Chinese Cyberculture: Video Games Post – TA

Video games are increasingly becoming a spectator phenomenon.  Esports are the most obvious example of this, with large tournaments garnering tens of millions of viewers.  But this is just the tip of the iceberg when it comes to watching other people play video games.

The first thing many people ask about “watching games”, as I will put it, is “why watch someone else play when you could play the game yourself?“.  This isn’t an unreasonable question, especially considering that the most popular YouTube channels are Let’s Play channels.  Randy Kulman, with a PhD. in psychology from Kent State University, breaks the reasons down into three categories: skills boost, social connection, and entertainment.  To briefly summarize these categories, people watch games either to learn how to play them better, to have something to talk to their friends about, or simply to enjoy the same way they would a TV show or movie.  What makes watching games different from watching TV is the connection between creator and audience.  On YouTube, any viewer can leave comments on videos to engage with the video’s creator, and many creators respond to at least some of these commentors.  More popular creators also have separate systems for interacting with their audience, such as setting up Reddit channels or going to conventions to meet fans.

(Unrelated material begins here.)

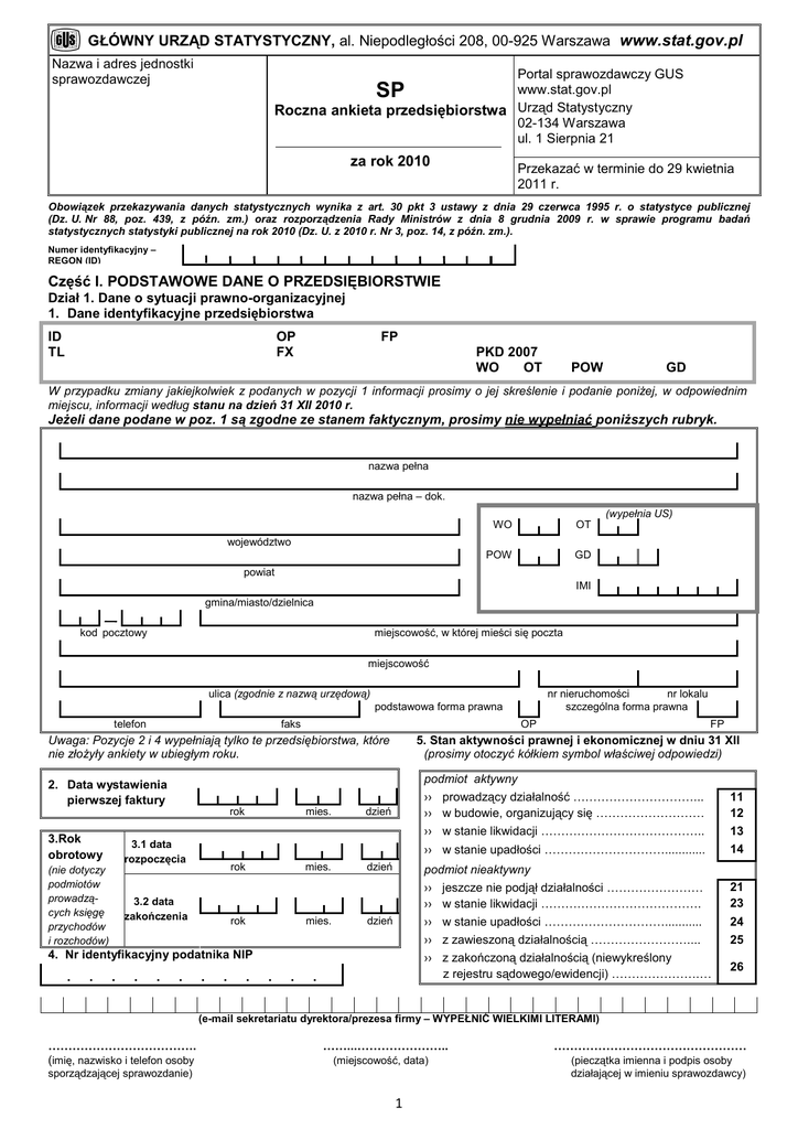 GŁÓWNY URZĄD STATYSTYCZNY, al. Niepodległości 208, 00-925 Warszawa www.stat.gov.pl Nazwa i adres jednostki sprawozdawczej Portal sprawozdawczy GUS www.stat.gov.pl Roczna ankieta przedsiębiorstwa Urząd Statystyczny 02-134 Warszawa ul. 1 Sierpnia 21 SP za rok 2010 Przekazać w terminie do 29 kwietnia 2011 r. Obowiązek przekazywania danych statystycznych wynika z art. 30 pkt 3 ustawy z dnia 29 czerwca 1995 r. o statystyce publicznej (Dz. U. Nr 88, poz. 439, z późn. zm.) oraz rozporządzenia Rady Ministrów z dnia 8 grudnia 2009 r. w sprawie programu badań statystycznych statystyki publicznej na rok 2010 (Dz. U. z 2010 r. Nr 3, poz. 14, z późn. zm.). Numer identyfikacyjny – REGON (ID) Część I. PODSTAWOWE DANE O PRZEDSIĘBIORSTWIE Dział 1. Dane o sytuacji prawno-organizacyjnej 1. Dane identyfikacyjne przedsiębiorstwa ID TL OP FX FP PKD 2007 WO OT POW GD W przypadku zmiany jakiejkolwiek z podanych w pozycji 1 informacji prosimy o jej skreślenie i podanie poniŜej, w odpowiednim miejscu, informacji według stanu na dzień 31 XII 2010 r. JeŜeli dane podane w poz. 1 są zgodne ze stanem faktycznym, prosimy nie wypełniać poniŜszych rubryk. nazwa pełna nazwa pełna – dok. (wypełnia US) WO OT POW GD województwo powiat IMI gmina/miasto/dzielnica − kod pocztowy miejscowość, w której mieści się poczta miejscowość ulica (zgodnie z nazwą urzędową) nr nieruchomości nr lokalu szczególna forma prawna podstawowa forma prawna telefon faks OP Uwaga: Pozycje 2 i 4 wypełniają tylko te przedsiębiorstwa, które nie złoŜyły ankiety w ubiegłym roku. podmiot aktywny 2. Data wystawienia pierwszej faktury 3.Rok obrotowy 3.1 data rozpoczęcia (nie dotyczy podmiotów prowadzących księgę przychodów i rozchodów) 3.2 data zakończenia rok mies. dzień ›› prowadzący działalność …………………………... ›› w budowie, organizujący się ……………………… ›› w stanie likwidacji ………………………………….. 11 12 13 ›› w stanie upadłości …………………………............ 14 rok mies. dzień podmiot nieaktywny rok mies. dzień 4. Nr identyfikacyjny podatnika NIP . . . . . FP 5. Stan aktywności prawnej i ekonomicznej w dniu 31 XII (prosimy otoczyć kółkiem symbol właściwej odpowiedzi) . . . . . . . ›› jeszcze nie podjął działalności …………………… ›› w stanie likwidacji …………………………………. 21 23 ›› w stanie upadłości …………………………........... ›› z zawieszoną działalnością …………………….... 24 25 ›› z zakończoną działalnością (niewykreślony z rejestru sądowego/ewidencji) ………………….… 26 (e-mail sekretariatu dyrektora/prezesa firmy – WYPEŁNIĆ WIELKIMI LITERAMI) ………………………………. (imię, nazwisko i telefon osoby ……...………………….. (miejscowość, data) sporządzającej sprawozdanie) 1 ………………………………………… (pieczątka imienna i podpis osoby działającej w imieniu sprawozdawcy) Numer identyfikacyjny – REGON (ID) 6. Czy przedsiębiorstwo posiada oddziały, zakłady lub udziały w podmiotach poza terytorium Rzeczypospolitej Polskiej? 1. tak 2. nie 7. Informacje o sposobie powstania lub zmianach w przedsiębiorstwie (KZ) Nie nastąpiło Ŝadne z wymienionych niŜej zdarzeń 01 – 10 (zakreślić obok symbol 00) Symbol zdarzenia Data mies. 00 Prosimy wpisać symbole zdarzeń, które nastąpiły w ciągu roku kalendarzowego, oraz ich daty. dzień Przedsiębiorstwo powstało ›› 01 – jako nowe ›› 02 – w wyniku całkowitego przejęcia innego przedsiębiorstwa ›› 03 – z wydzielenia z innego przedsiębiorstwa ›› 04 – z podziału innego przedsiębiorstwa ›› 05 – z połączenia przedsiębiorstw ›› 06 – z połączenia części przedsiębiorstw Zmiany w przedsiębiorstwie ›› 07 – z przedsiębiorstwa wydzielono nowe przedsiębiorstwa ›› 08 – wchłonęło inne przedsiębiorstwa ›› 09 – wchłonęło części innych przedsiębiorstw ›› 10 – zmiana formy prawnej 8. JeŜeli w pozycji 7 wpisano jedno lub więcej zdarzeń o symbolu 02 – 09, to po zapoznaniu się z odpowiednią częścią objaśnień naleŜy opisać poniŜej dane o przedsiębiorstwie lub przedsiębiorstwach. mies. symbol zdarzenia dzień data zdarzenia Numer identyfikacyjny − REGON pełna nazwa pełna nazwa (cd.) WO województwo POW powiat GD gmina/miasto/dzielnica mies. symbol zdarzenia dzień data zdarzenia Numer identyfikacyjny − REGON pełna nazwa pełna nazwa (cd.) WO województwo POW powiat GD gmina/miasto/dzielnica 2 Numer identyfikacyjny – REGON (ID) Dział 2. Rodzaje działalności przedsiębiorstwa Lp. Opis rodzaju działalności (produkcji, wykonywanych robót, świadczonych usług, działalności handlowej) według PKD Symbol klasy według PKD (wypełnia US) 0 1 2 OGÓŁEM PRZEDSIĘBIORSTWO (wartość ogółem w rubryce 3 równa jest sumie wartości podanych w wierszach: 02 + 06 + (05−70) dział 2 część II; dla podmiotów prowadzących księgi przychodów i rozchodów wartości podanej w wierszu 01 dział 2 część II) 3 Przychody ze sprzedaŜy produktów, towarów i materiałów (bez podatku VAT) w tys. zł (bez znaku po przecinku) 3 Numer identyfikacyjny – REGON (ID) Dział 2. Rodzaje działalności przedsiębiorstwa – cd. Lp. Opis rodzaju działalności (produkcji, wykonywanych robót, świadczonych usług, działalności handlowej) według PKD Symbol klasy według PKD (wypełnia US) 0 1 2 OGÓŁEM PRZEDSIĘBIORSTWO (wartość ogółem w rubryce 3 równa jest sumie wartości podanych w wierszach: 02 + 06 + (05−70) dział 2 część II; dla podmiotów prowadzących księgi przychodów i rozchodów wartości podanej w wierszu 01 dział 2 część II) 4 Przychody ze sprzedaŜy produktów, towarów i materiałów (bez podatku VAT) w tys. zł (bez znaku po przecinku) 3 Część II. BILANS I RACHUNEK ZYSKÓW

From the Let’s Play movement has spawned a more recent trend in streaming games.  Services like Twitch provide users with tools to create live streams of their play, allowing for immediate interaction between the creator and their audience.  Even YouTube recently started their own version of live streaming called YouTube Live.  These live streaming tools can even facilitate truly interactive games, such as Twitch Plays Pokemon (TPP).  In February of 2014, an anonymous Australian programmer set up an instance of Pokemon Red to respond to commands entered into Twitch’s chat system.  Essentially anyone viewing the stream had control of the player, but only for the brief moment when their command was processed (this is made worse by the delay between the chat and the stream).  Eventually the chaos of this system made certain sections nearly impossible to navigate, so a democracy system was introduced to take only the most common command every few seconds.  From the chaos of TPP emerged an immersive lore created entirely by the community.  You can find a brief overview in the video below, and read a bit in this post.

However, all of these examples come from the West.  In China, streaming is still mainly focused on Esports, especially professional gamers.  China has its own versions of Twitch, such as Douyu (斗鱼), with viewership numbers that far exceed those of Twitch and other streaming services, although these numbers are often treated with suspicion.  Still, the streaming service is a major market, and Tencent has recently looked into acquiring Douyu.  It seems unlikely that Chinese streaming will develop the same trends that Western streaming, especially since China lacks the Let’s Play culture which now dominates Western streaming.